- [Aim of the task]:
When the data below is printed, every line must match exactly and the images must be absent.

- [Information provided]:
────────────────────────────────────────

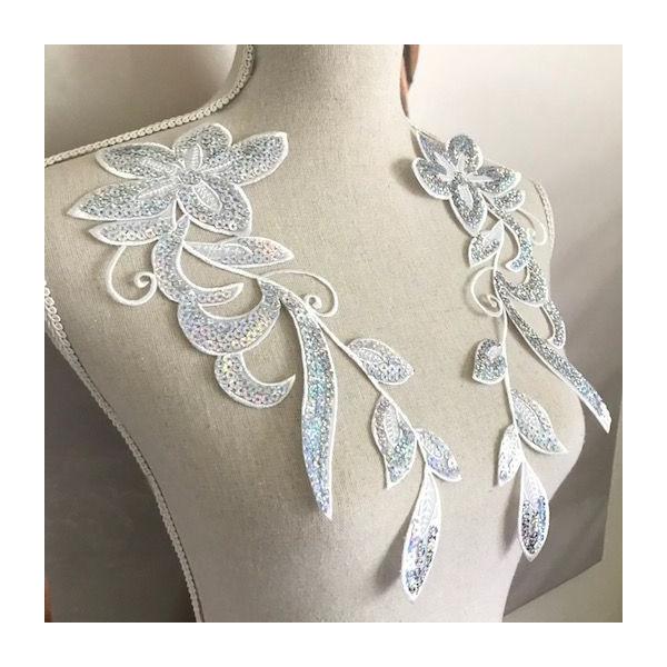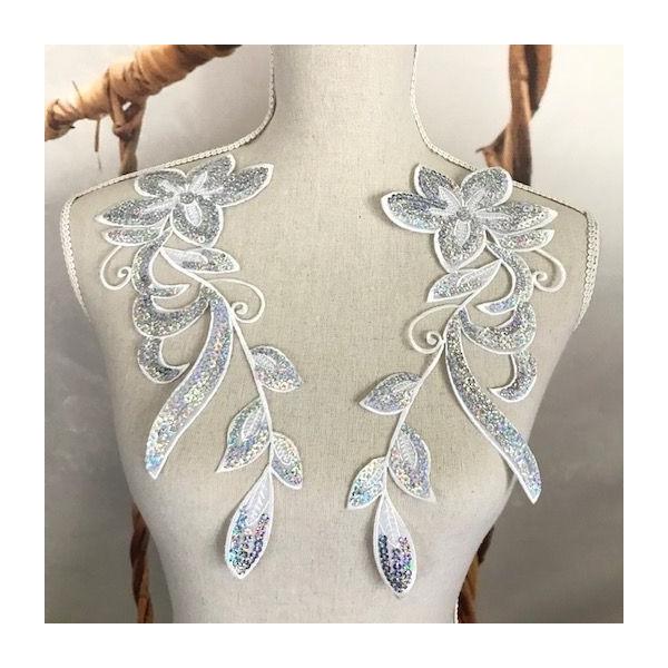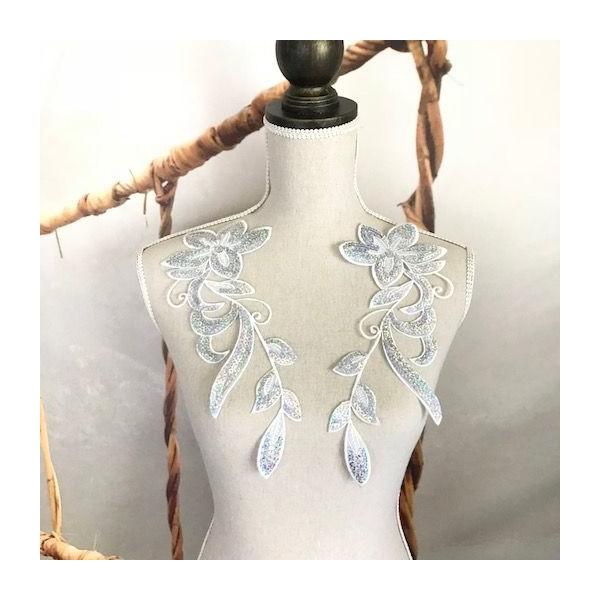 スパンコールモチーフ 花 シルバー アップリケ 刺繍ワッペン モチーフ アイロンワッペン アイロン接着 アップリケワッペン パーツ 素材 モチーフ 装飾
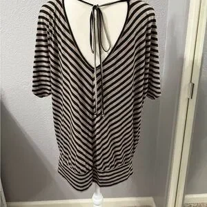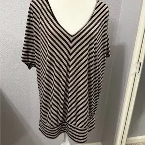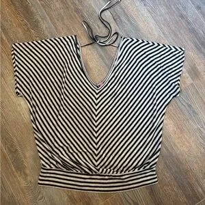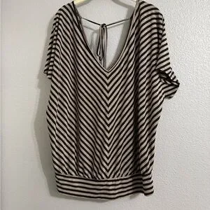 Black and tan Striped V-Neck Top
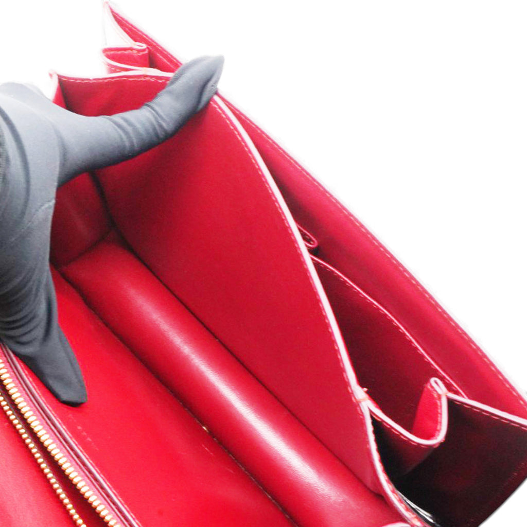 This chic shoulder bag is crafted of box calfskin leather in red. The bag features an adjustable shoulder strap and a front flap with a gold switch-lock. The flap opens to a partitioned leather interior with zipper and patch pockets.
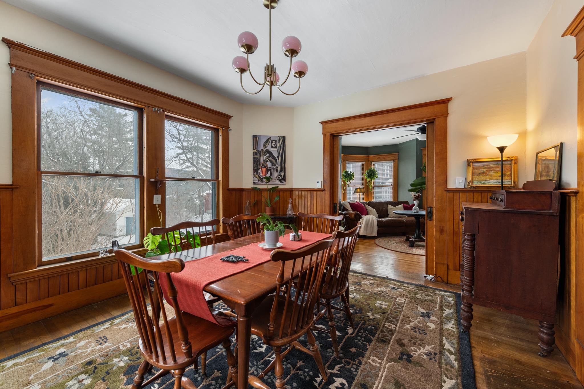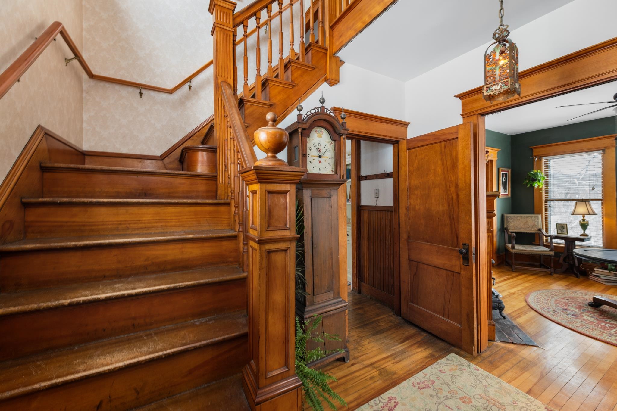 *Showings begin at the open house on Sunday 12-21-2025 10am to 1pm!* Victorian Home on the Hill with Views of Downtown! 4 Bedroom, 2.5 Bathroom, 2, 115 Square Feet on .52 acres, built in 1910 for the Eastbrook family, this home’s antique charm is maintained with a lot of the original woodwork, cabinetry, doors and built-ins, yet it has also recently been updated with tasteful and contemporary renovations, such as a newly designed kitchen, new appliances and new bathrooms. Functionally, there is a new roof and the exterior has been painted. The first floor is a cozy living area with a living room, dining room, kitchen, laundry room, and a half bath. The second floor has three spacious bedrooms and a full bathroom. Previously an in-law apartment, the third floor consists of the primary suite, complete with a 3/4 bathroom, a wet bar, and sitting room. It could be converted back to an in-law apartment without much trouble. Enjoy the conveniences of an in-town location without the feeling of being overcrowded.

────────────────────────────────────────

- [Exercise solution]:
 スパンコールモチーフ 花 シルバー アップリケ 刺繍ワッペン モチーフ アイロンワッペン アイロン接着 アップリケワッペン パーツ 素材 モチーフ 装飾
 Black and tan Striped V-Neck Top
 This chic shoulder bag is crafted of box calfskin leather in red. The bag features an adjustable shoulder strap and a front flap with a gold switch-lock. The flap opens to a partitioned leather interior with zipper and patch pockets.
 *Showings begin at the open house on Sunday 12-21-2025 10am to 1pm!* Victorian Home on the Hill with Views of Downtown! 4 Bedroom, 2.5 Bathroom, 2, 115 Square Feet on .52 acres, built in 1910 for the Eastbrook family, this home’s antique charm is maintained with a lot of the original woodwork, cabinetry, doors and built-ins, yet it has also recently been updated with tasteful and contemporary renovations, such as a newly designed kitchen, new appliances and new bathrooms. Functionally, there is a new roof and the exterior has been painted. The first floor is a cozy living area with a living room, dining room, kitchen, laundry room, and a half bath. The second floor has three spacious bedrooms and a full bathroom. Previously an in-law apartment, the third floor consists of the primary suite, complete with a 3/4 bathroom, a wet bar, and sitting room. It could be converted back to an in-law apartment without much trouble. Enjoy the conveniences of an in-town location without the feeling of being overcrowded.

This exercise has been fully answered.